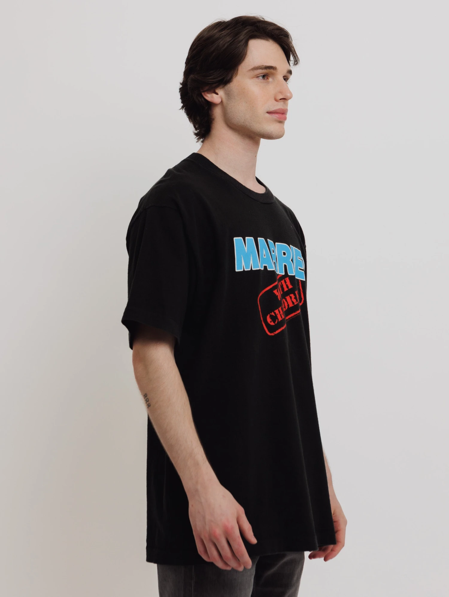This is an original vintage t-shirt from the television sitcom, Married With Children that aired on Fox from April 5, 1987 to June 9, 1997. Starring Ed O’Neill as Al Bundy and Katey Sagal as Peggy Bundy. This controversial series following the lives of a dysfunctional family was filled with censorship issues and actually had one episode banned from TV because it was “too graphic” for the 1990s. Oh, how times have changed!
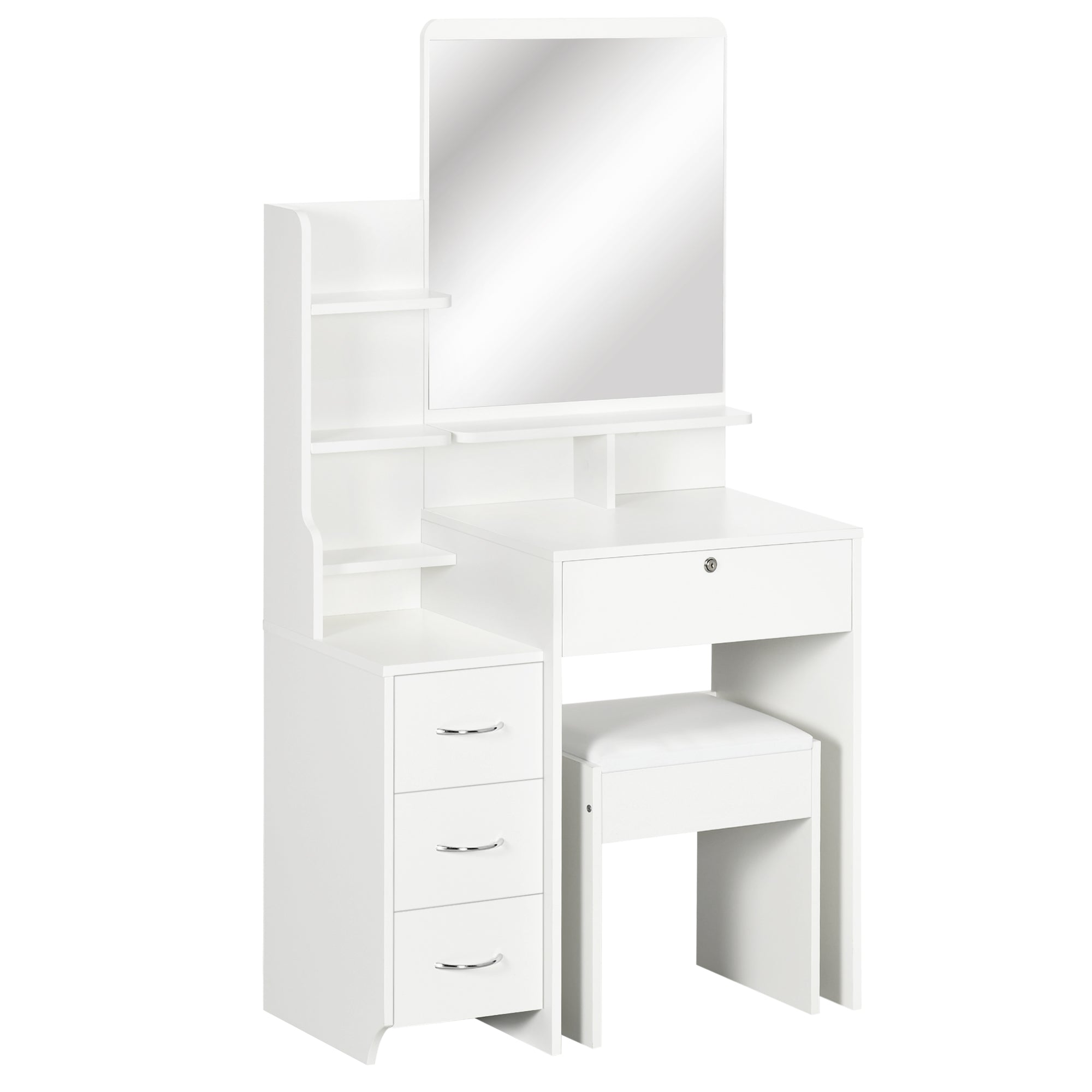 HOMCOM Sminkbord med Pall och Spegel, Sminkbord med 4 Lådor, 4 Förvaringsfack, Modern Stil, 80x38x143 cm Vit
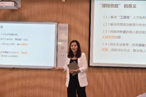 课程思政专题培训由陕西省课程思政教学标兵李侃侃主讲。李老师从“为什么要开展‘课程思政’?”入题,结合自身的经历,阐述了开展 “课程思政”的意义和必要性,随后又分别以不同学科的“课程思政”案例作为切入点,通过对案例的讲解,让新教师对开展课程的“课程思政”具体做法进行了直观了解。马克思主义学院李莉认为,在新进教师岗前培训中加入“课程思政”专题,有助于新教师树立“立德树人”的教育理念,促进教师把知识传递和价值引领有机结合起来,真正培养出国家需要的人才。
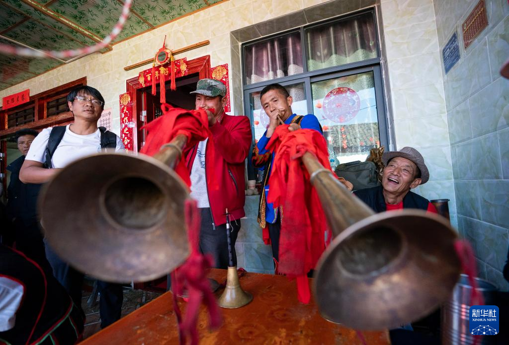 2月7日,乐手在南涧县宝华镇拥政村一农户家的婚礼跳菜上吹奏乐器。
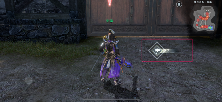 クエストに出陣したら、頭上に▼が表示されているNPC近づき、出征をタップすることでステージが開始されます。
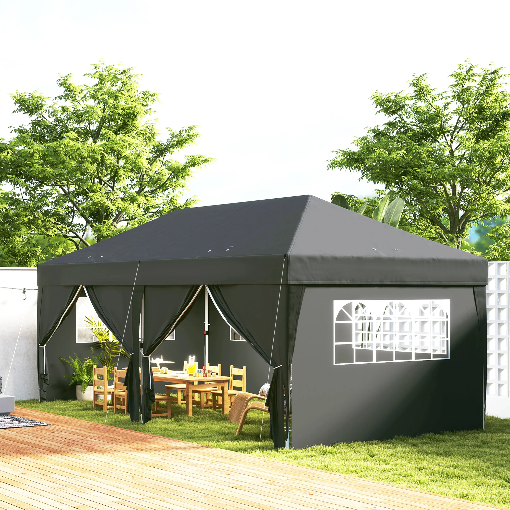 Paviljoen Ca. 6x3m Stabiel Winterbestendig Pop-up Vouwpaviljoen Met Vensters, Ritssluiting Deur, Zijpanelen, UV Bescherming
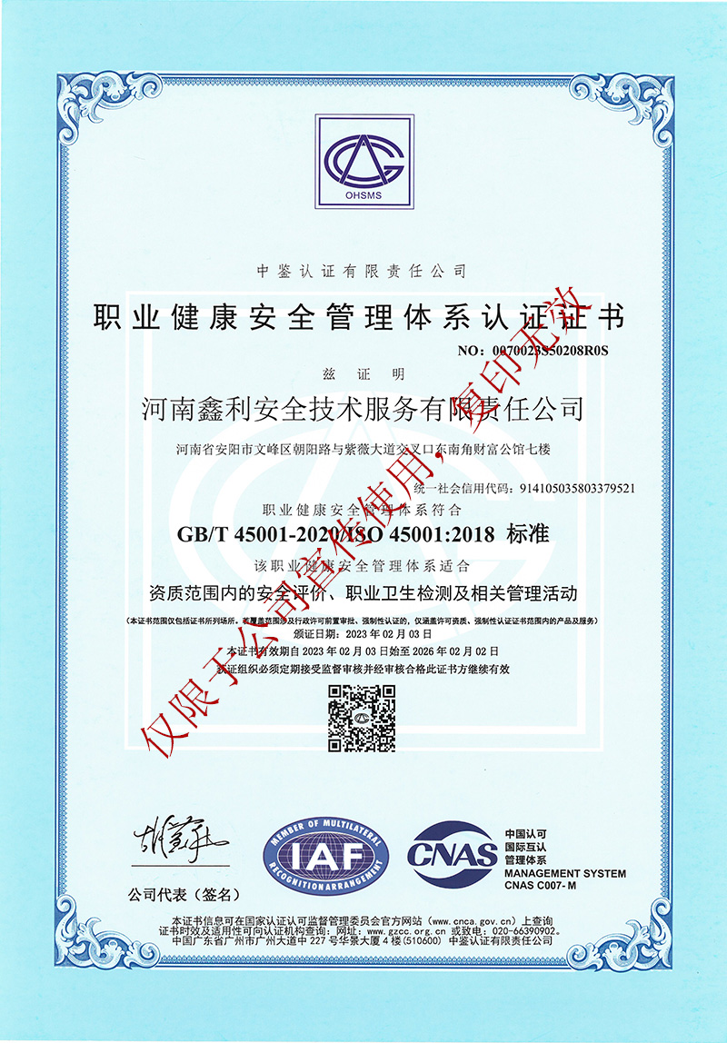 職業(yè)健康安全管理體系認(rèn)證證書(shū)
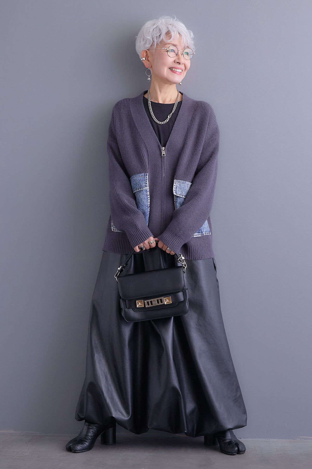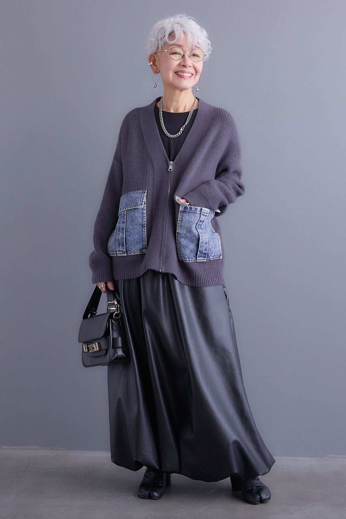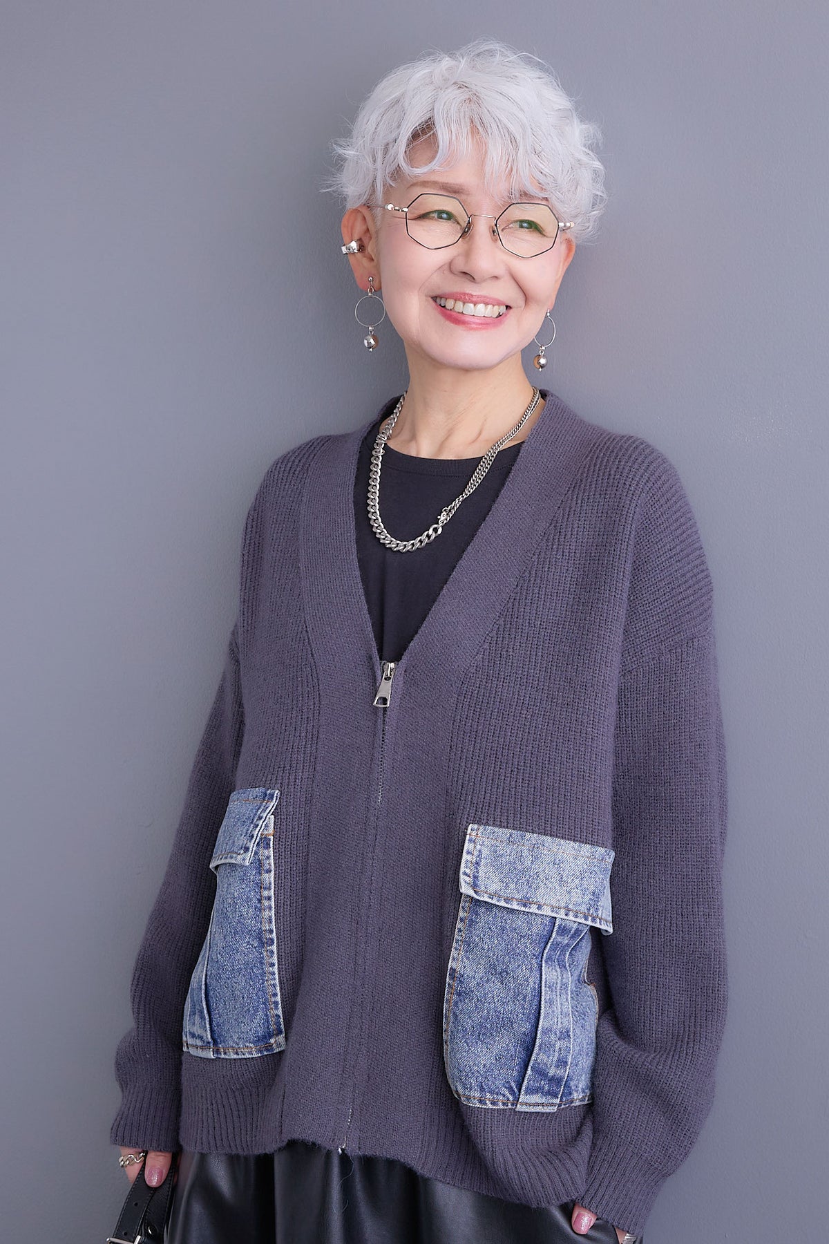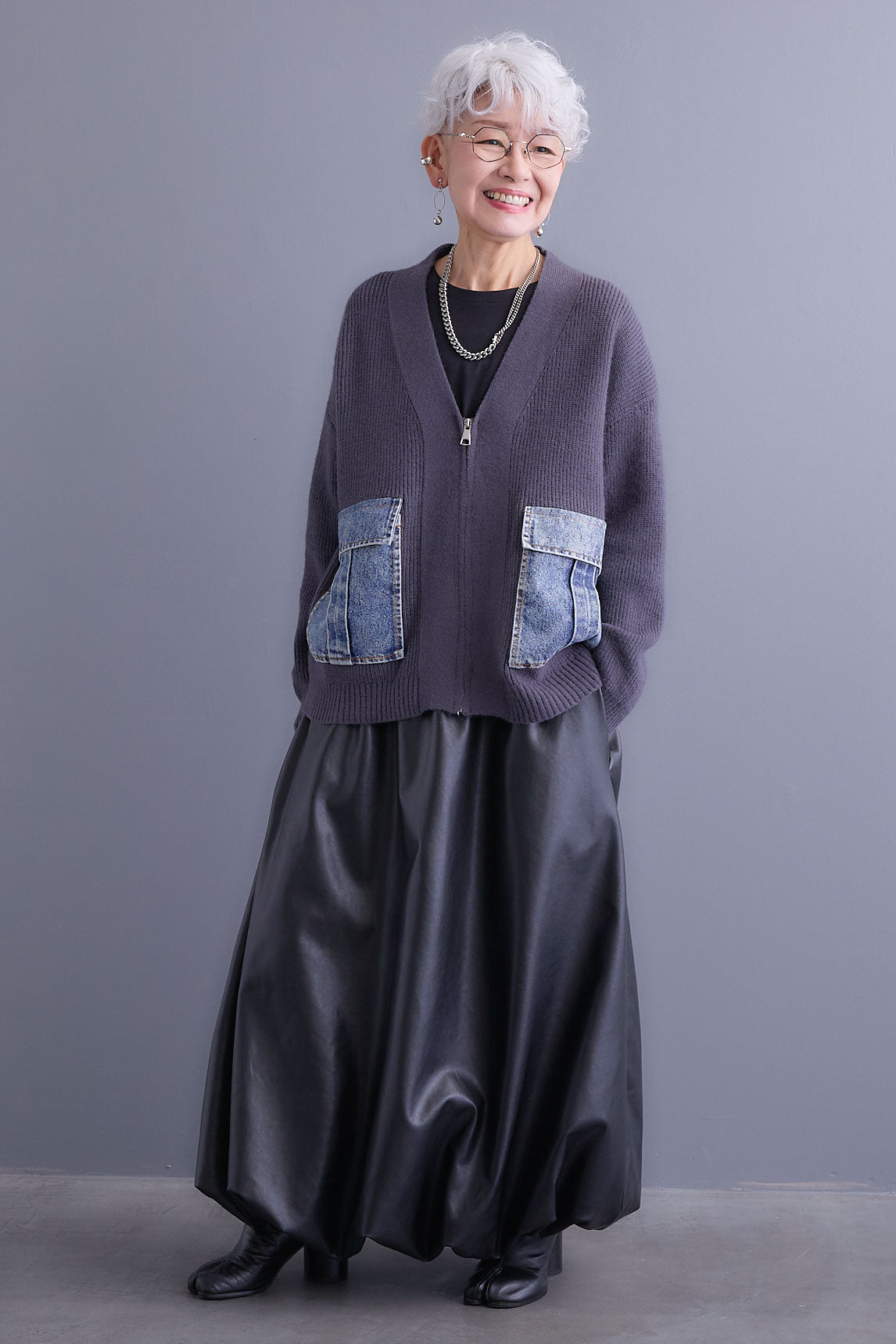 デニムポケットがアクセントになったZIPデザインのニットカーディガン。異素材の組み合わせがスタイリングに遊び心をプラスし、程よくカジュアルな印象に。ゆとりのあるシルエットでリラックス感がありながら、ファスナー仕様で着脱もスムーズ。デイリー使いにぴったりな一枚です。

◆ THE TASK ◆
Restate, word for word, the entries above, dropping any picture.

◆ EXERCISE RESULT ◆
This is an original vintage t-shirt from the television sitcom, Married With Children that aired on Fox from April 5, 1987 to June 9, 1997. Starring Ed O’Neill as Al Bundy and Katey Sagal as Peggy Bundy. This controversial series following the lives of a dysfunctional family was filled with censorship issues and actually had one episode banned from TV because it was “too graphic” for the 1990s. Oh, how times have changed!
 HOMCOM Sminkbord med Pall och Spegel, Sminkbord med 4 Lådor, 4 Förvaringsfack, Modern Stil, 80x38x143 cm Vit
 课程思政专题培训由陕西省课程思政教学标兵李侃侃主讲。李老师从“为什么要开展‘课程思政’?”入题,结合自身的经历,阐述了开展 “课程思政”的意义和必要性,随后又分别以不同学科的“课程思政”案例作为切入点,通过对案例的讲解,让新教师对开展课程的“课程思政”具体做法进行了直观了解。马克思主义学院李莉认为,在新进教师岗前培训中加入“课程思政”专题,有助于新教师树立“立德树人”的教育理念,促进教师把知识传递和价值引领有机结合起来,真正培养出国家需要的人才。
 2月7日,乐手在南涧县宝华镇拥政村一农户家的婚礼跳菜上吹奏乐器。
 クエストに出陣したら、頭上に▼が表示されているNPC近づき、出征をタップすることでステージが開始されます。
 Paviljoen Ca. 6x3m Stabiel Winterbestendig Pop-up Vouwpaviljoen Met Vensters, Ritssluiting Deur, Zijpanelen, UV Bescherming
 職業(yè)健康安全管理體系認(rèn)證證書(shū)
 デニムポケットがアクセントになったZIPデザインのニットカーディガン。異素材の組み合わせがスタイリングに遊び心をプラスし、程よくカジュアルな印象に。ゆとりのあるシルエットでリラックス感がありながら、ファスナー仕様で着脱もスムーズ。デイリー使いにぴったりな一枚です。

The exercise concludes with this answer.